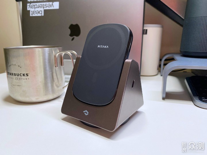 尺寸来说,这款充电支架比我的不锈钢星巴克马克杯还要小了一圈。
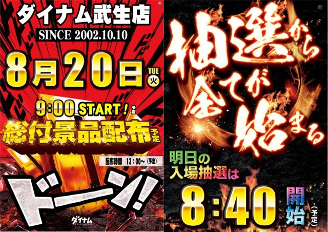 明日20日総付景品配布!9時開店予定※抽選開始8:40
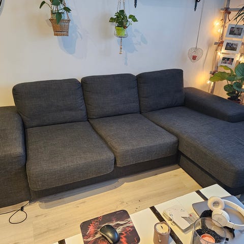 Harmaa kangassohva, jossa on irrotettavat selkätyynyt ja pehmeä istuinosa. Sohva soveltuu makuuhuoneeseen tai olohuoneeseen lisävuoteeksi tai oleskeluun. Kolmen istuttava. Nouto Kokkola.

> _Problem statement_
Return all the lines above exactly; none of the pictures should appear.

> _Solution to this exercise_
 尺寸来说,这款充电支架比我的不锈钢星巴克马克杯还要小了一圈。
 明日20日総付景品配布!9時開店予定※抽選開始8:40
 Harmaa kangassohva, jossa on irrotettavat selkätyynyt ja pehmeä istuinosa. Sohva soveltuu makuuhuoneeseen tai olohuoneeseen lisävuoteeksi tai oleskeluun. Kolmen istuttava. Nouto Kokkola.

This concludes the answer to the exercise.